→ WORK INSTRUCTION
Please give back, exactly as written, the lines from the line with "出席九屆全國(guó)人大三" to the line with "2、开始寻找乔吧,将下方便签" in the listing below, leaving out all pictures.
◇ ◇ ◇
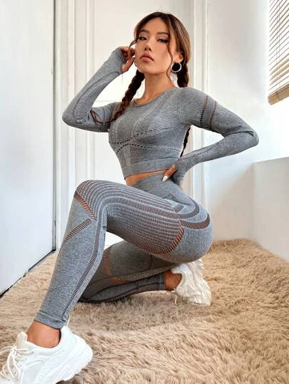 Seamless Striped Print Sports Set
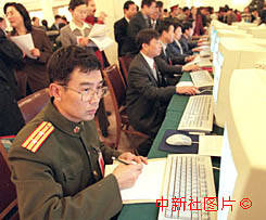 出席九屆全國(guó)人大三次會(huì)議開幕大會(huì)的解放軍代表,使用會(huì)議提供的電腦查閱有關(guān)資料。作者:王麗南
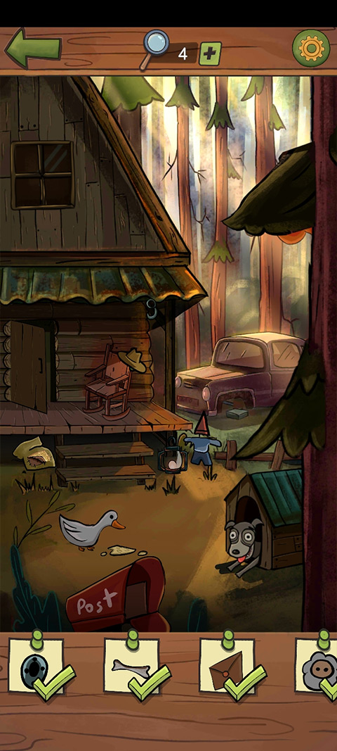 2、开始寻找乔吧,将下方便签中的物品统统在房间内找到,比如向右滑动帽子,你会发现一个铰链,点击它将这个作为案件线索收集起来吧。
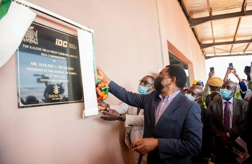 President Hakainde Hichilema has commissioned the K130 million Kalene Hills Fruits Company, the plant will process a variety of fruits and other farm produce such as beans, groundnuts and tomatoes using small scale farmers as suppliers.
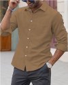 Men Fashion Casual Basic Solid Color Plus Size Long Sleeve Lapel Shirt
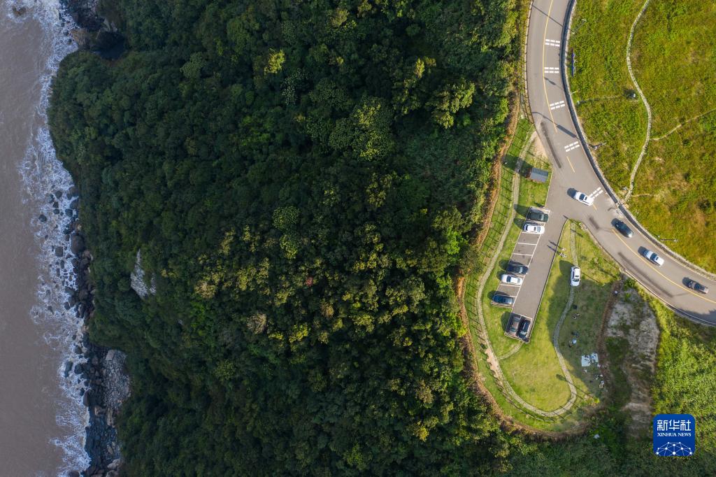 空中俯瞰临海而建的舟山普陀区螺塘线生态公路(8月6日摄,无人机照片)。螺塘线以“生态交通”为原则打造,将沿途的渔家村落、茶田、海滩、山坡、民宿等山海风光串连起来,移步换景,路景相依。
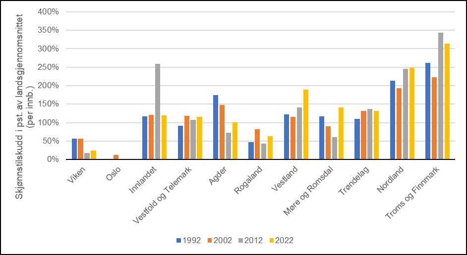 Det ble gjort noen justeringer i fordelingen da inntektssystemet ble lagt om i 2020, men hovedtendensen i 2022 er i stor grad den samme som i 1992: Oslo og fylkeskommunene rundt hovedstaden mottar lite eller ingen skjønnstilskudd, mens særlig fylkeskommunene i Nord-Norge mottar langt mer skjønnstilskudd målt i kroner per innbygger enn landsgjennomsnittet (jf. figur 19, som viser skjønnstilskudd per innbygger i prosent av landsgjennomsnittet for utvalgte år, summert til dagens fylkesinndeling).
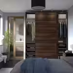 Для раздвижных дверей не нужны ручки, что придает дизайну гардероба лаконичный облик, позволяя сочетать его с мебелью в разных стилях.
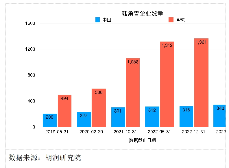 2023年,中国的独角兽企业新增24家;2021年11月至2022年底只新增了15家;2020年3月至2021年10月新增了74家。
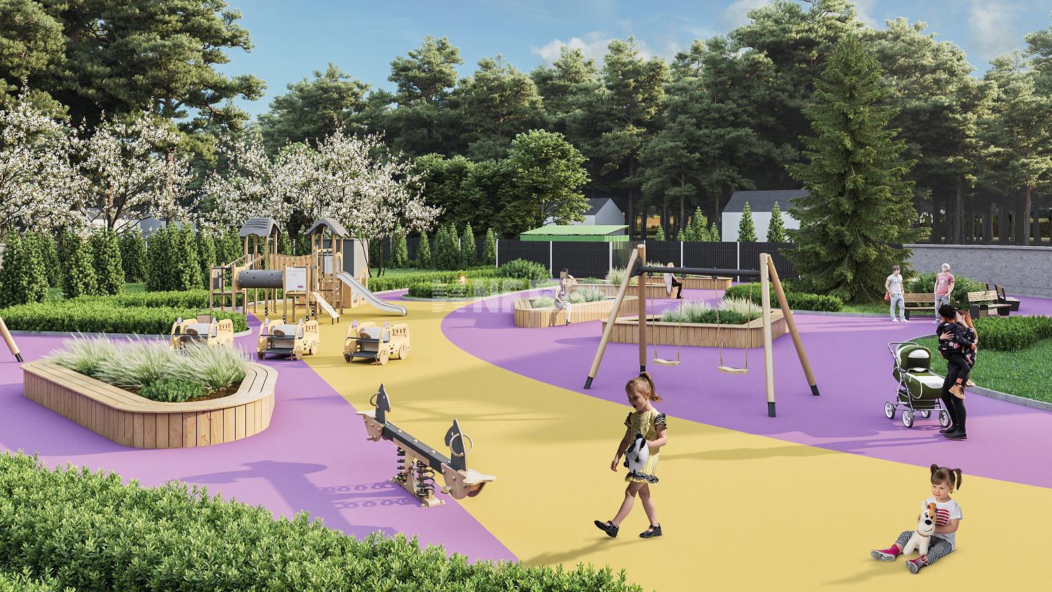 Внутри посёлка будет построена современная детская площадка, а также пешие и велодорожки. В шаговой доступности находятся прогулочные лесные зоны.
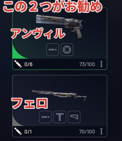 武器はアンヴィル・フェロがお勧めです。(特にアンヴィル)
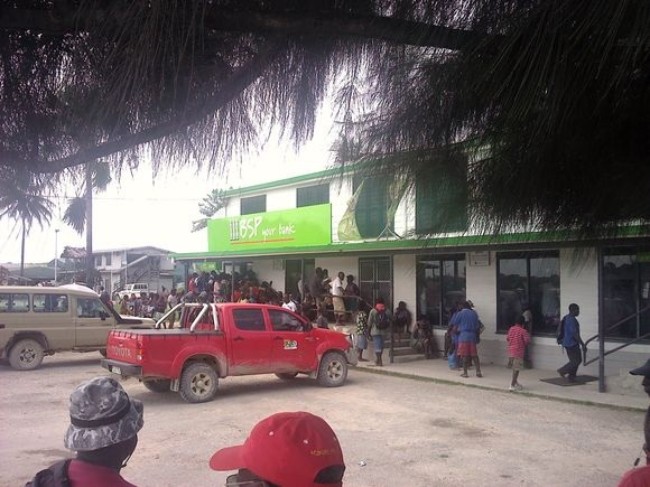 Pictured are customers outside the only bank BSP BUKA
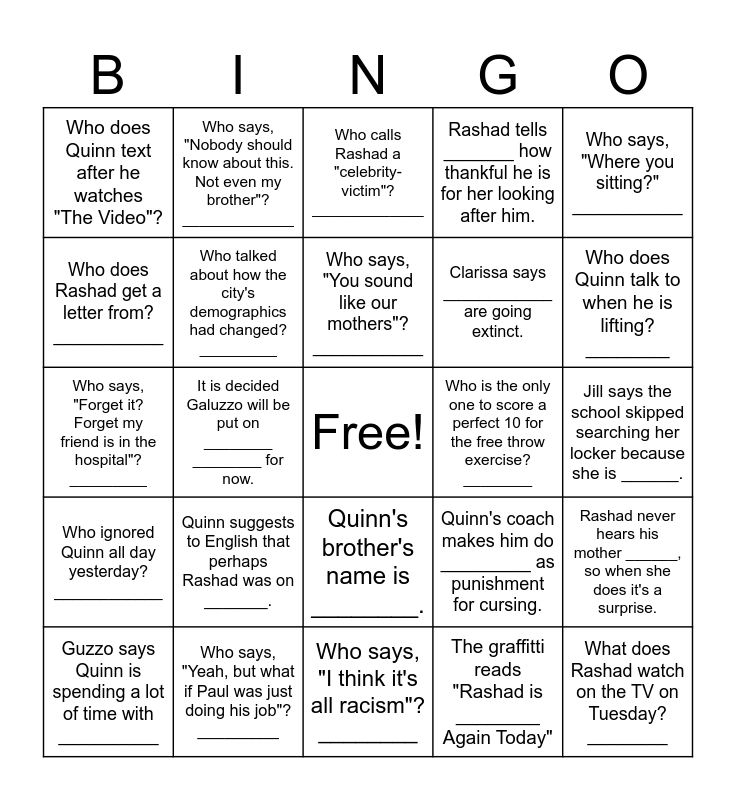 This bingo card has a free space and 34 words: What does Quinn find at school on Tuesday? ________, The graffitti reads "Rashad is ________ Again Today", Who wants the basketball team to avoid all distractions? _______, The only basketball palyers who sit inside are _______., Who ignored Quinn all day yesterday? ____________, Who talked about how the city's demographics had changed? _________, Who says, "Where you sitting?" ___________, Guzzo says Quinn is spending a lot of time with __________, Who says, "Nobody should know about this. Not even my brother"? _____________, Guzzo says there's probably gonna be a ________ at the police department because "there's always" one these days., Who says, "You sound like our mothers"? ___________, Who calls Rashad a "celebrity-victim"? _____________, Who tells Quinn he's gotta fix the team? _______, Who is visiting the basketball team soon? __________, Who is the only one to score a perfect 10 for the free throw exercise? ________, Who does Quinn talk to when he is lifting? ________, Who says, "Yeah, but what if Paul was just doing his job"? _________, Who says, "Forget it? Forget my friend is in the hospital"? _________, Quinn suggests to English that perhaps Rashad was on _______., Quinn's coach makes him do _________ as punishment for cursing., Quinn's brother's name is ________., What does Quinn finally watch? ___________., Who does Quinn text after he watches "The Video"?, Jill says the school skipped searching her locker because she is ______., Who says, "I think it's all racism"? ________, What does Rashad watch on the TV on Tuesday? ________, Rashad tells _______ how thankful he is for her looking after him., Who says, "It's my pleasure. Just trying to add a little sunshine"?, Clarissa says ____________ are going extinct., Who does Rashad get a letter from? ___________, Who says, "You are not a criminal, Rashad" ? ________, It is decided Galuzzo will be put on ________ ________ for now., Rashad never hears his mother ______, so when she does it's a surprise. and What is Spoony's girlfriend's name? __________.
◇ ◇ ◇
→ RESULT FOR THIS TASK
 出席九屆全國(guó)人大三次會(huì)議開幕大會(huì)的解放軍代表,使用會(huì)議提供的電腦查閱有關(guān)資料。作者:王麗南
 2、开始寻找乔吧,将下方便签中的物品统统在房间内找到,比如向右滑动帽子,你会发现一个铰链,点击它将这个作为案件线索收集起来吧。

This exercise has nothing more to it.